== YOUR INSTRUCTIONS ==
Look below for the line containing "ๆ ที่เดินทางมาถึงเกาะไต้หวัน ชั้นหนึ่งเป็นโถงสำหรับเด็ก" and the line containing "လွဲမှားစွာ သိမြင်နေကြ", then set down both and every line between them exactly, without pictures.

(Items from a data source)
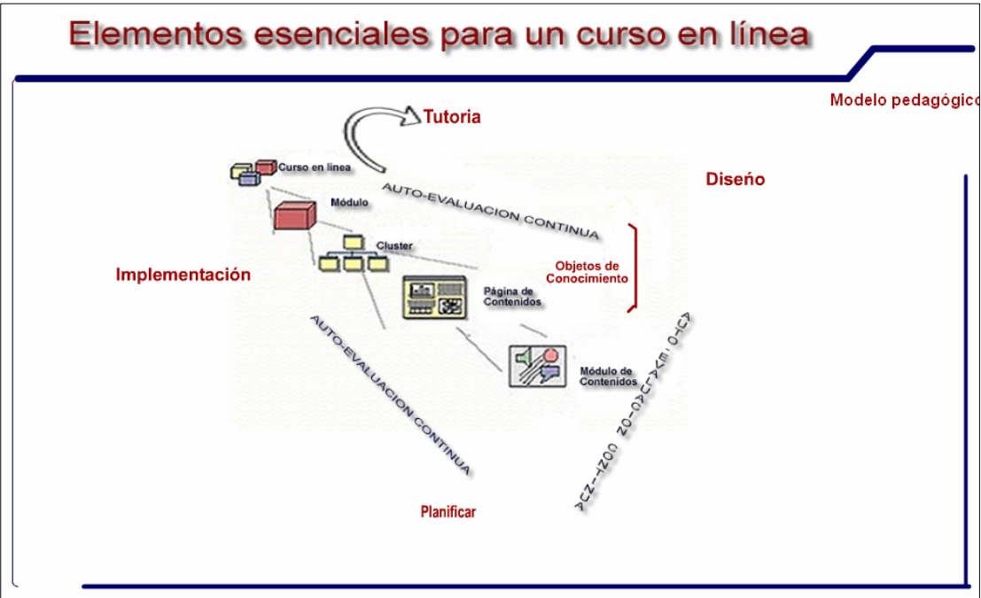
Figura. 3 Elementos esenciales para un curso en línea

Vale la pena resaltar el trabajo colaborativo que generó aportes valiosos para la creación de conocimiento alrededor de temas como el de los elementos esenciales para un curso en línea (figura 3).
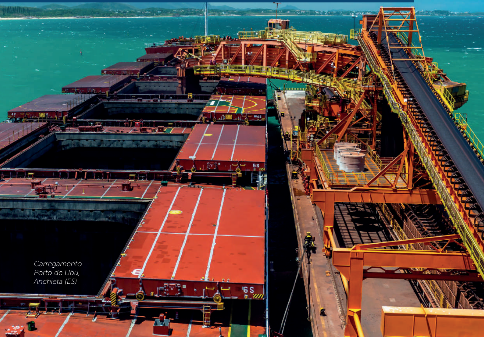
Carregamento Porto de Ubu, Anchieta (ES)
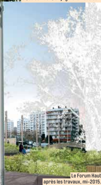
Le Forum Haut après les travaux, mi-2015.
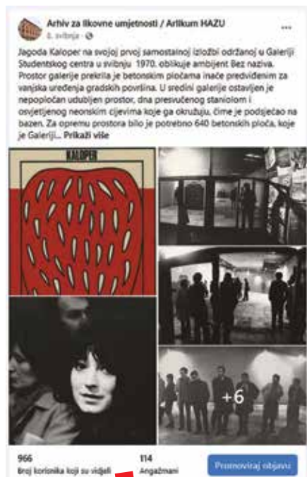
Facebook objava, svibanj 2020. – prva samostalna izložba Jagode Kaloper u Galeriji SC 1970.

točka bila odabir građe relevantne za istraživače. U slučaju Arhiva Galerije SC odlučeno je da se krene s digitalizacijom fotografija izložaba, čiji su autori (ugledna imena poput Petra Dabca, Enesa Midžića, Vladimira Jakolića i dr.) kao stalni suradnici Galerije fotografski dokumentirali svaku izložbu, od njezina otvorenja do postava, autora, sudionika i posjetitelja, stvorivši fotografsku „bazu“ brojnih dragocjenih, autentičnih, često nigdje zapisanih informacija. Digitalizirane fotografije obogaćene su metapodacima, koji uz umjetnike uključuju i autore fotografija, te pojedine (pre)poznate posjetitelje, među kojima su i mnogi istaknuti umjetnici. Svaka se fotografija pomoću posebno razvijenog modula može preuzeti u PDF formatu, uz prateće metapodatke u kojima je navedena i odgovarajuća licenca, odnosno uvjeti i način njezinog korištenja. Uslijedili su brojni kontakti istraživača, mahom iz inozemstva, čiji je interesni fokus bio na tzv. subverzivnim umjetničkim djelovanjima u državama socijalističkog uređenja, koja nisu mogla zaobići djelovanje Galerije Studentskog
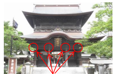
この部分の部材です
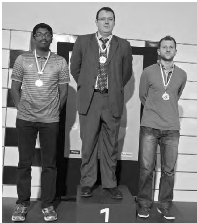
Le podium du tournoi de maîtres (de gauche): GM Baskaran Adhiban (2 ème ), GM Emil Sutovsky (1 er ), GM Tigran Gharamian (3 ème ).

66. ♜be1? Le très joli 66. ♖e8+! aurait été décisif: 66. ... ♖g8 (66. ... ♜xe8 67. ♜xb7+ puis ♜ff7 et gain; 66. ... ♖h7 67. ♜f8! ♜xe5+ 68. ♖f6 ♖c6 69. ♜b6! et gain) 67. ♖h6 ♜xe8 68. ♜xb7 ♖f5+ 69. gxf5 exf5 70. ♜g1 ♜exe5 71. ♜xg6+ ♖f8 72. ♜gg7 puis h5, ♖h7, et un mat à suivre. 66. ... ♖c6 67. h5 gxf5 68. gxf5 ♖xe5 69. h6+ ♖h7 70. ♖f6. 70. ♖xe5 ♜xe5+ 71. ♖f6 ♜xa5 72. ♖xe7 ♖xh6 revient à tour et cavalier contre tour comme dans la partie. 70. ... ♖c6 71. ♜c1 ♜xa5 72. ♜g1 ♜h5?! 72. ... ♜c7 était plus simple. 73. ♜xc6 ♖d7! 73. ... bxc6?? 74. ♖xe7 ♜xh6 75. ♖f7 puis ♖e8-♖f6 gagne!
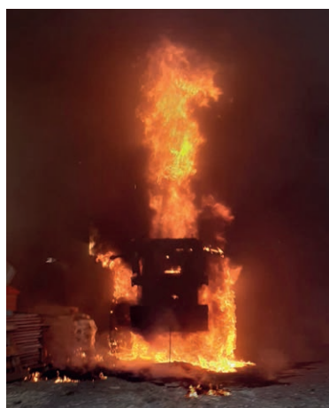
Durch schnelles Eingreifen konnte ein Vollbrand beim landwirtschaftlichen Anwesen der Familie Rechberger verhindert werden
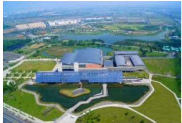
ภาพมุมสูงของอาคารและสวนสาธารณะพิพิธภัณฑ์ประวัติศาสตร์ไต้หวันแห่งชาติ

พิพิธภัณฑ์ประวัติศาสตร์ไต้หวันแห่งชาติ เป็นพิพิธภัณฑ์ที่ให้ความสำคัญกับการเชื่อมต่อผู้คนและแผ่นดิน เป็นพิพิธภัณฑ์แห่งเดียวที่แนะนำประวัติศาสตร์การพัฒนาของไต้หวัน ชั้นสองจัดเป็นนิทรรศการถาวร ใช้ฉากจำลองเสมือนจริงในการบอกเล่าเรื่องราวการปฏิสัมพันธ์ระหว่างสภาพแวดล้อมและระหว่างกันของกลุ่มชาติพันธุ์ต่าง ๆ ที่เดินทางมาถึงเกาะไต้หวัน ชั้นหนึ่งเป็นโถงสำหรับเด็ก ชั้นสี่มีห้องจัดแสดงเฉพาะส่วนหนึ่ง
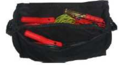
Bolsa para cables
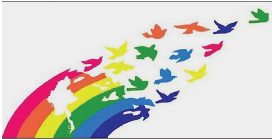
လွဲမှားစွာ သိမြင်နေကြ

သမဝါယမအသင်းများသည် တွေ့မြင်သမျှသော စီးပွားရေးလုပ်ငန်းများကို အထိန်းအကွပ်မဲ့ အမြတ် ရရှိရေးအတွက် ဆောင်ရွက်ခွင့်မရှိပေ။ အသင်းစတင် ဖွဲ့စည်းစဉ်ကပင် ရေးဆွဲအတည်ပြုထားသော “အသင်းစည်းကမ်း” စာအုပ်ပါ စီးပွားရေးလုပ်ငန်း အမျိုးအစားမူဘောင်အတွင်းမှသာ ဆောင်ရွက်ခွင့် ရှိပါသည်။ အသင်းနယ်နိမိတ်မှ အများပြည်သူတို့၏ လူမှု-စီးပွားရေးအကျိုးကို ရှေ့ဆောင်ရွက်ရသော စီးပွားရေး လုပ်ငန်းမျိုးဖြစ်၍ အတည်ပြုပြဋ္ဌာန်း ထားပြီးဖြစ်သည့် “အသင်းစည်းကမ်း” ပါ ကုန် ထုတ်၊ ကုန်သွယ်ဝန်ဆောင်လုပ်ငန်း အမျိုးအစား ကိုသာ ဆောင်ရွက်ရခြင်းဖြစ်သည်။
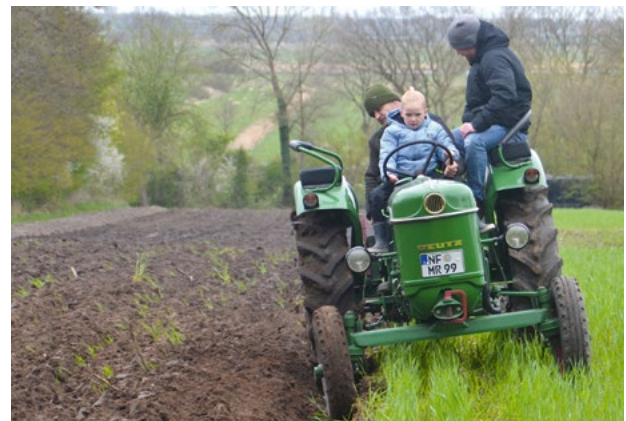
Auch die Kleinen dürfen - unter Aufsicht - mal steuern

wurde diese Veranstaltung nach alter Tradition mit einem gemeinsamen Essen am Feldrand.
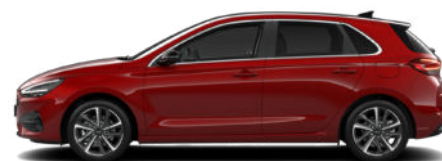
Ultimate Red Metallic
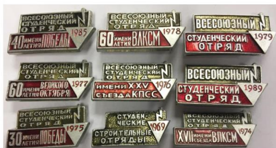
Значки всесоюзных студенческих отрядов
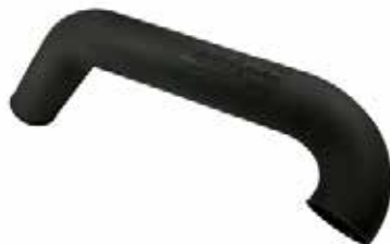
8 フリーフローエキゾーストキット (税別) RY1625 YAM FX140/160/HO ¥18,360 ¥17,000
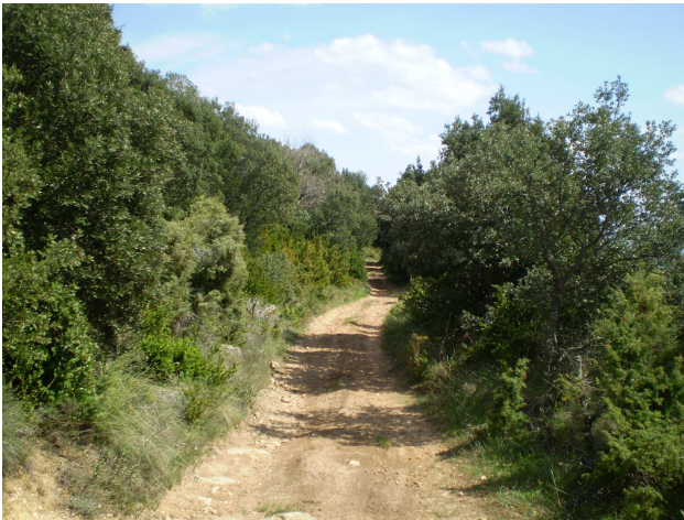
Foto 2. Vista de una futura franja cortafuegos, antes del inicio de las actuaciones
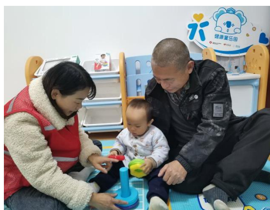
志愿者在进行入户走访、督导
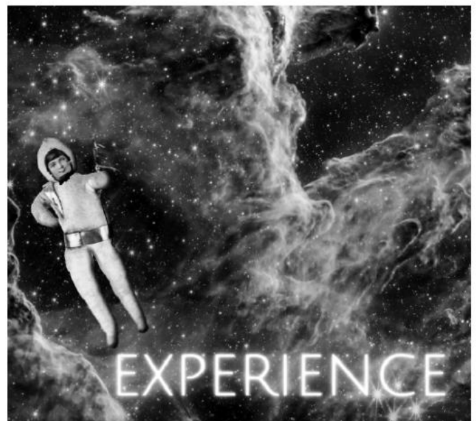
Astro-Watte in Aktion, Filmstill: Mike Kren

Museum: Das Volkskundemuseum Wien wird vom Verein für Volkskunde getragen. Als Mitglied unterstützen Sie nachhaltig die Arbeit des Museums, haben an der Mitgestaltung des Museums teil und erhalten Vorteile bei Veranstaltungen und anderen Formaten.

== THE COMPLETED TASK ==
พิพิธภัณฑ์ประวัติศาสตร์ไต้หวันแห่งชาติ เป็นพิพิธภัณฑ์ที่ให้ความสำคัญกับการเชื่อมต่อผู้คนและแผ่นดิน เป็นพิพิธภัณฑ์แห่งเดียวที่แนะนำประวัติศาสตร์การพัฒนาของไต้หวัน ชั้นสองจัดเป็นนิทรรศการถาวร ใช้ฉากจำลองเสมือนจริงในการบอกเล่าเรื่องราวการปฏิสัมพันธ์ระหว่างสภาพแวดล้อมและระหว่างกันของกลุ่มชาติพันธุ์ต่าง ๆ ที่เดินทางมาถึงเกาะไต้หวัน ชั้นหนึ่งเป็นโถงสำหรับเด็ก ชั้นสี่มีห้องจัดแสดงเฉพาะส่วนหนึ่ง
Bolsa para cables
လွဲမှားစွာ သိမြင်နေကြ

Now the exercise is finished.